Input data:
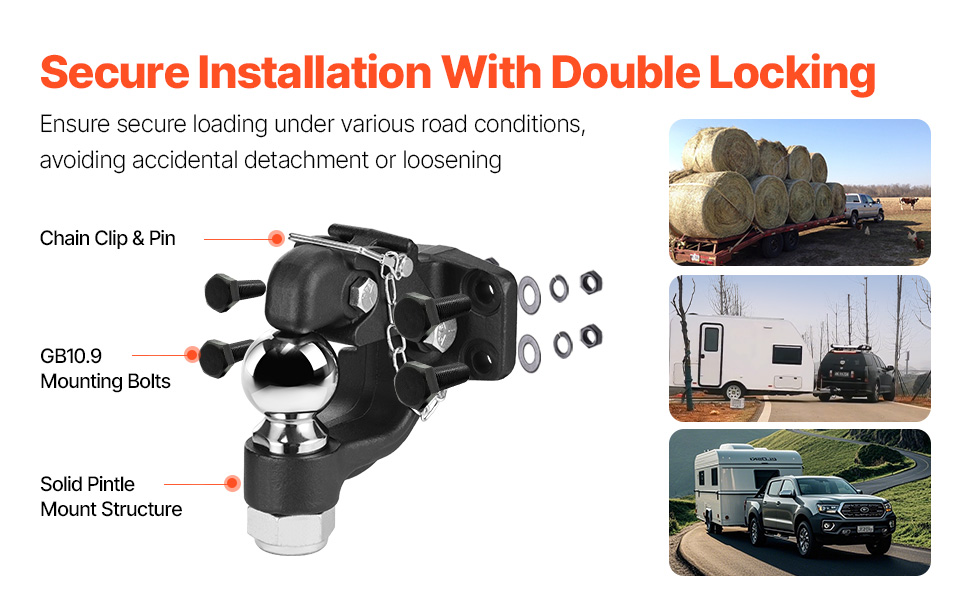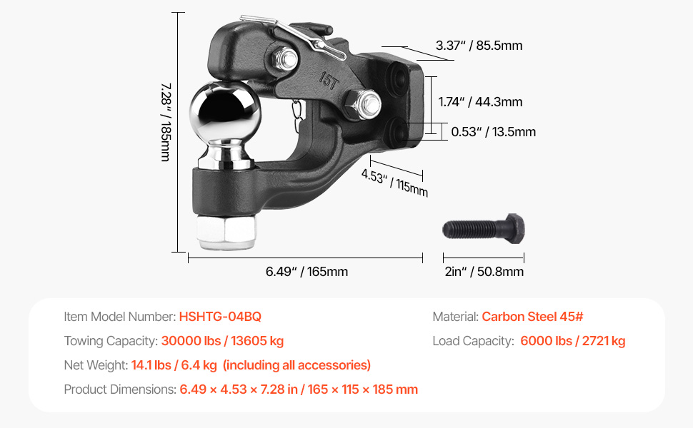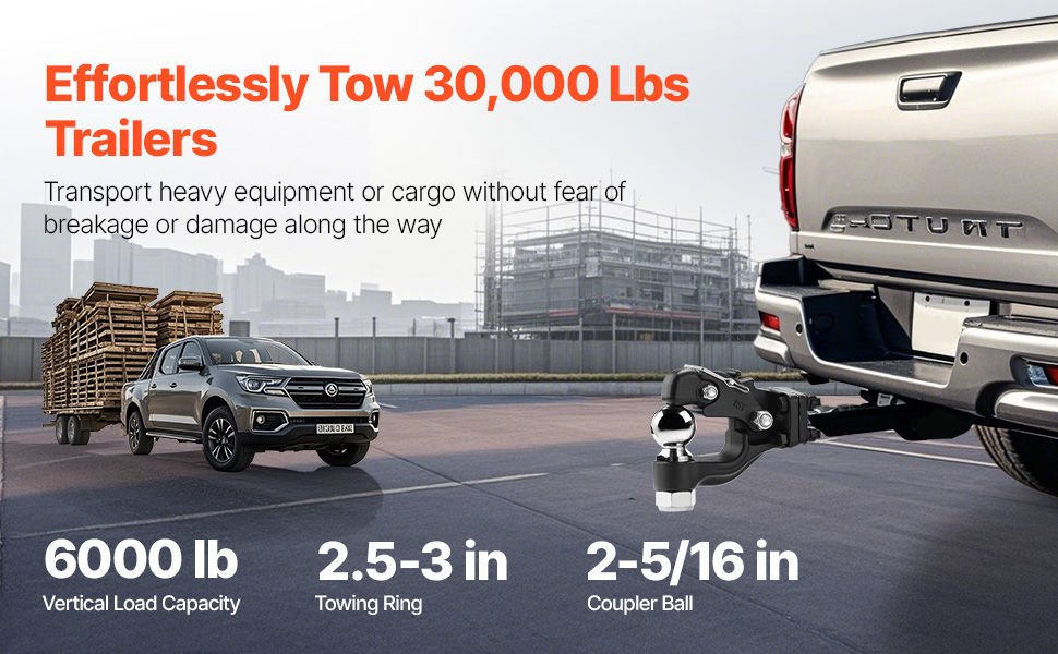 Pintlový hák 30000 lbs, 2-5/16-inch guľa, pre 2.5–3-inch očko, montáž
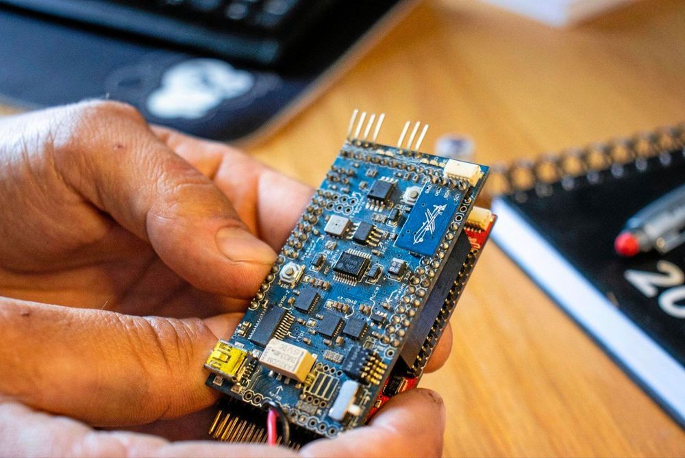 – Just nu består den av två olika kretskort, tanken är att få plats med alla komponenter på ett kort och göra den mindre. Prototypen gjorde jag genom att såga sönder en sådan där leksak med tyngd i botten som alltid står upp för att den alltid ska ligga åt samma håll. Men nu tänkte jag antingen försöka 3D-printa ett hölje, eller hitta någon färdig produkt som går att använda som skal. Ju mindre den är desto mindre rör kan den ju färdas genom utan att fastna, förklarar Sverker Hagsten.
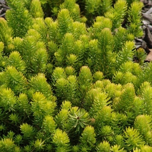 Sedum reflexum shines with brillant golden-yellow foliage. It is low growing, mat forming with needle-like evergreen leaves that look like a yellow, miniature spruce. The drooping buds face upward when they open. It grows to 4 inches tall and 2 feet across. Yellow flowers appear in late summer.

Directions for this task: Restate the whole listing above exactly, please, omitting every image.

Task result:
 Pintlový hák 30000 lbs, 2-5/16-inch guľa, pre 2.5–3-inch očko, montáž
 – Just nu består den av två olika kretskort, tanken är att få plats med alla komponenter på ett kort och göra den mindre. Prototypen gjorde jag genom att såga sönder en sådan där leksak med tyngd i botten som alltid står upp för att den alltid ska ligga åt samma håll. Men nu tänkte jag antingen försöka 3D-printa ett hölje, eller hitta någon färdig produkt som går att använda som skal. Ju mindre den är desto mindre rör kan den ju färdas genom utan att fastna, förklarar Sverker Hagsten.
 Sedum reflexum shines with brillant golden-yellow foliage. It is low growing, mat forming with needle-like evergreen leaves that look like a yellow, miniature spruce. The drooping buds face upward when they open. It grows to 4 inches tall and 2 feet across. Yellow flowers appear in late summer.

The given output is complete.